▶ [Records supplied]
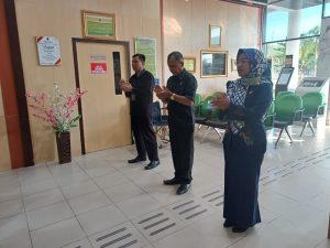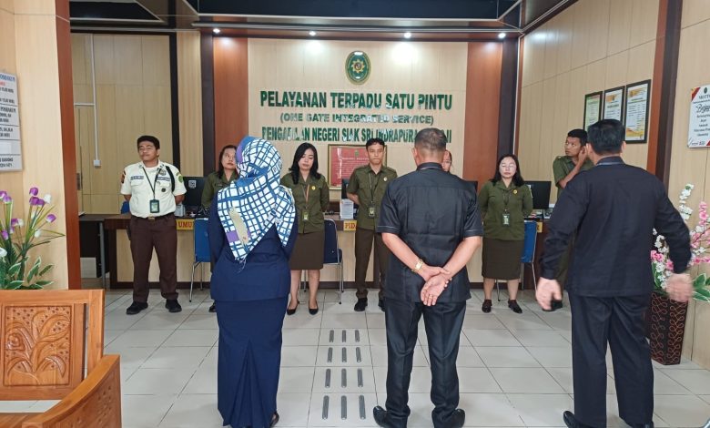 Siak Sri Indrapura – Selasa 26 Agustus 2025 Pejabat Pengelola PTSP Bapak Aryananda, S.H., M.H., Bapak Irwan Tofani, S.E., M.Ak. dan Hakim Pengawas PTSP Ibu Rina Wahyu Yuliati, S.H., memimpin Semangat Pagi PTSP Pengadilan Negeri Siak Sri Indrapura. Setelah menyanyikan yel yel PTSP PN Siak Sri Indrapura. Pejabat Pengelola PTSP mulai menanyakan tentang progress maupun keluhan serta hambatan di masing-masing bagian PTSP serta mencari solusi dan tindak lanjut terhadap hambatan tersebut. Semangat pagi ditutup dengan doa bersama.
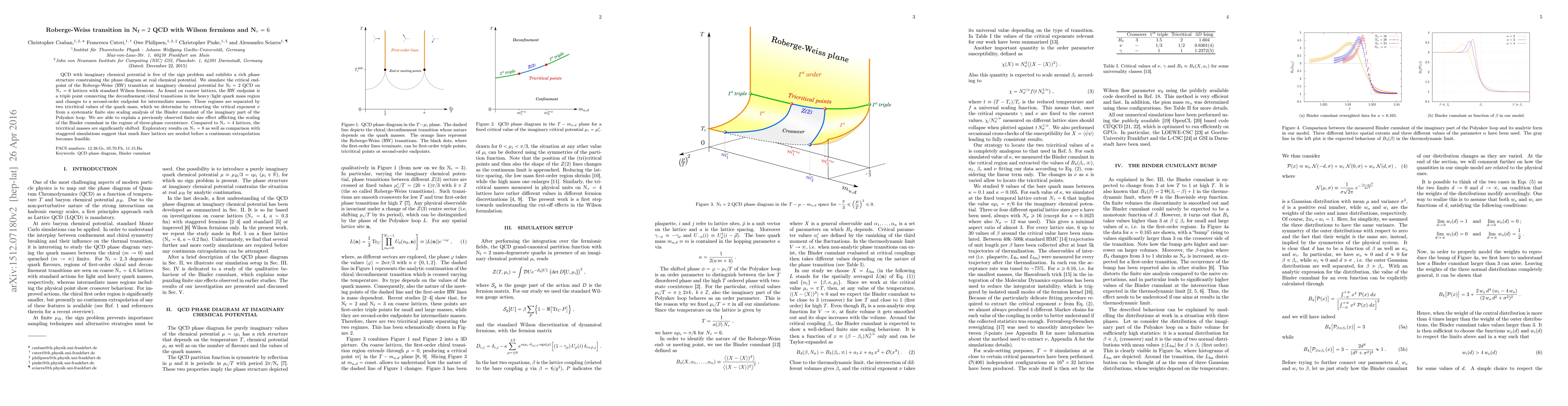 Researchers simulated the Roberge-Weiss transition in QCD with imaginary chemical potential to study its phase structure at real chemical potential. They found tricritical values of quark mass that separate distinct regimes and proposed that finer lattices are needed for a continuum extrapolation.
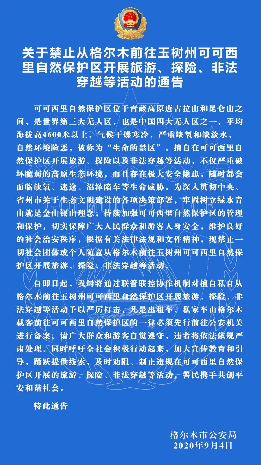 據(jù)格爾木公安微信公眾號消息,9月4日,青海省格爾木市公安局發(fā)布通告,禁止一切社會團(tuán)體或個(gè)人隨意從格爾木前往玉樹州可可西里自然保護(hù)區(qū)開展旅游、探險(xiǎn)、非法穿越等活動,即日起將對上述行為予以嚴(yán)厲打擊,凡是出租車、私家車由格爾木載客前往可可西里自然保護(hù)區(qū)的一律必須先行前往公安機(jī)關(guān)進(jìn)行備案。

==

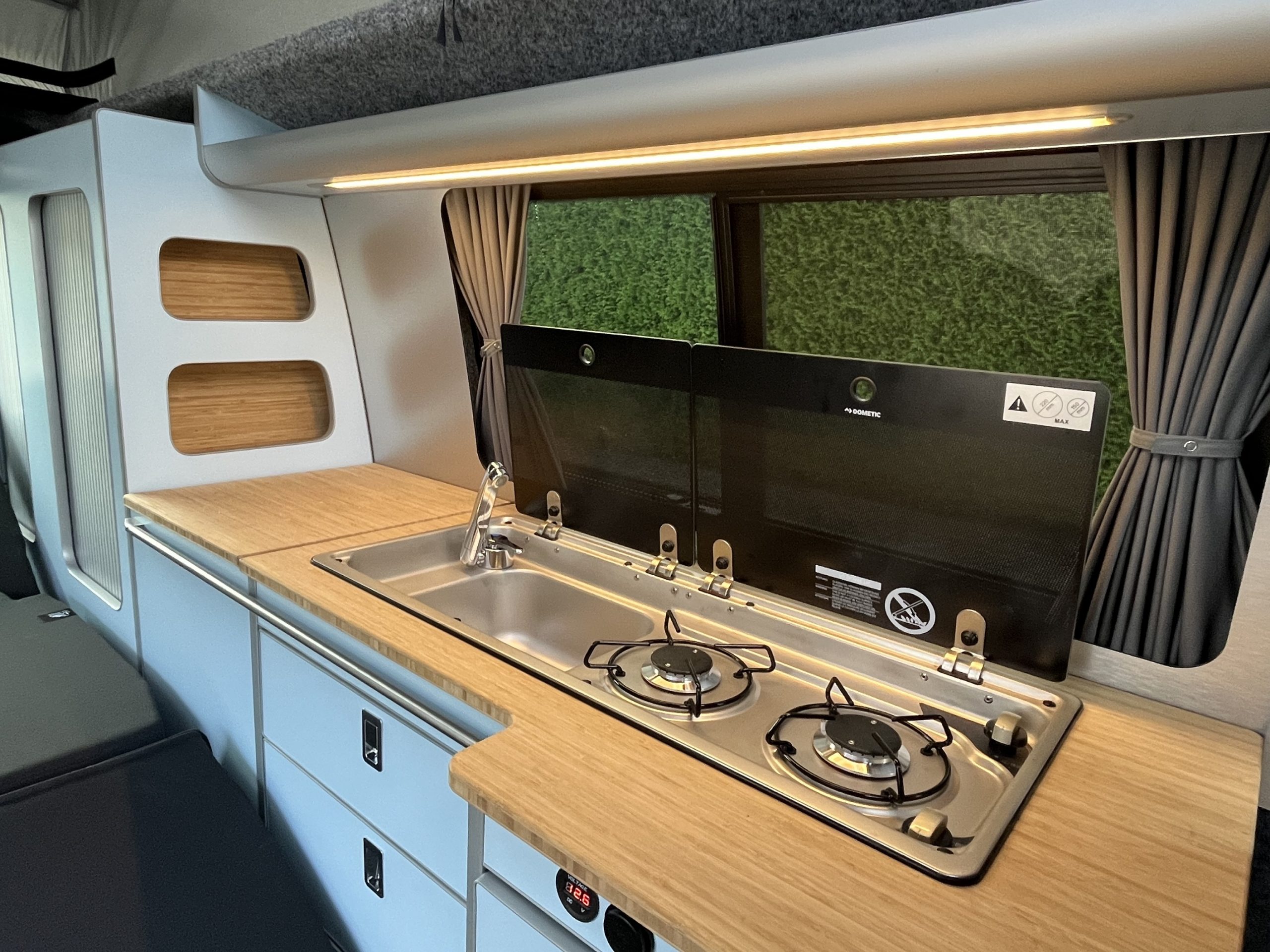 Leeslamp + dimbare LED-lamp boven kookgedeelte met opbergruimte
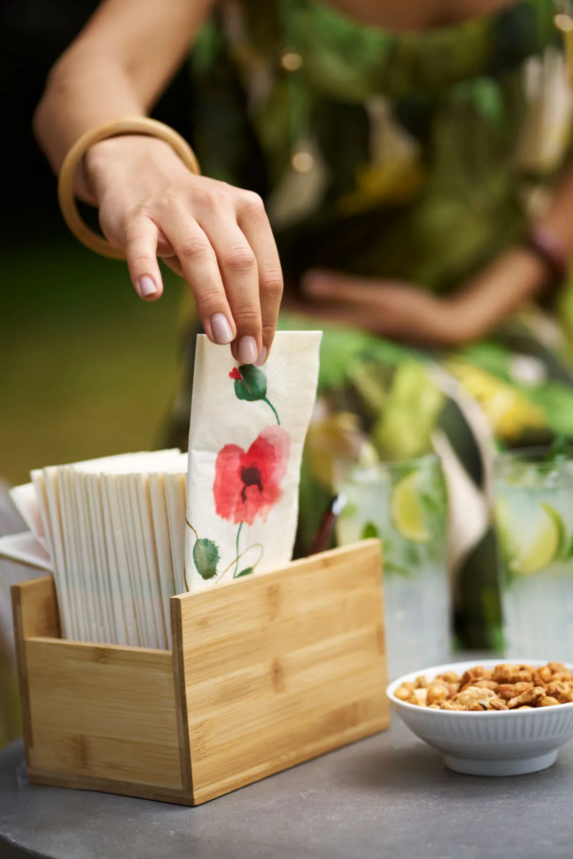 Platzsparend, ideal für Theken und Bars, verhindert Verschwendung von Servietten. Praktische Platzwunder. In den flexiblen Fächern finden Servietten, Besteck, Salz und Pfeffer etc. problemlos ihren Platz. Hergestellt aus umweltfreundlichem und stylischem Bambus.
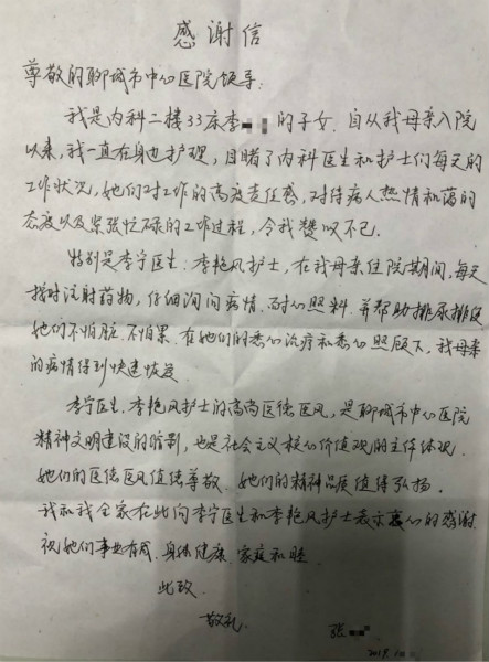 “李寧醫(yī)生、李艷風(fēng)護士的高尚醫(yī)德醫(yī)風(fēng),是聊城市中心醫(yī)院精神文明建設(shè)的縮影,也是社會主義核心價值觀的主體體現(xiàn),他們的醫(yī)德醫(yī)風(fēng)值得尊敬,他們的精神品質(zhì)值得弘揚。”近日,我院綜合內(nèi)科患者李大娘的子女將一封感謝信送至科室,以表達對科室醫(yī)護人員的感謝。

▶ [What the exercise asks]
Find where the line with "Siak Sri Indrapura –" sits in the material above and where the line with "據(jù)格爾木公安微信公眾" sits. Set down exactly the lines from the first to the second, both included and nothing else, without pictures.

▶ [Reply]
 Siak Sri Indrapura – Selasa 26 Agustus 2025 Pejabat Pengelola PTSP Bapak Aryananda, S.H., M.H., Bapak Irwan Tofani, S.E., M.Ak. dan Hakim Pengawas PTSP Ibu Rina Wahyu Yuliati, S.H., memimpin Semangat Pagi PTSP Pengadilan Negeri Siak Sri Indrapura. Setelah menyanyikan yel yel PTSP PN Siak Sri Indrapura. Pejabat Pengelola PTSP mulai menanyakan tentang progress maupun keluhan serta hambatan di masing-masing bagian PTSP serta mencari solusi dan tindak lanjut terhadap hambatan tersebut. Semangat pagi ditutup dengan doa bersama.
 Researchers simulated the Roberge-Weiss transition in QCD with imaginary chemical potential to study its phase structure at real chemical potential. They found tricritical values of quark mass that separate distinct regimes and proposed that finer lattices are needed for a continuum extrapolation.
 據(jù)格爾木公安微信公眾號消息,9月4日,青海省格爾木市公安局發(fā)布通告,禁止一切社會團(tuán)體或個(gè)人隨意從格爾木前往玉樹州可可西里自然保護(hù)區(qū)開展旅游、探險(xiǎn)、非法穿越等活動,即日起將對上述行為予以嚴(yán)厲打擊,凡是出租車、私家車由格爾木載客前往可可西里自然保護(hù)區(qū)的一律必須先行前往公安機(jī)關(guān)進(jìn)行備案。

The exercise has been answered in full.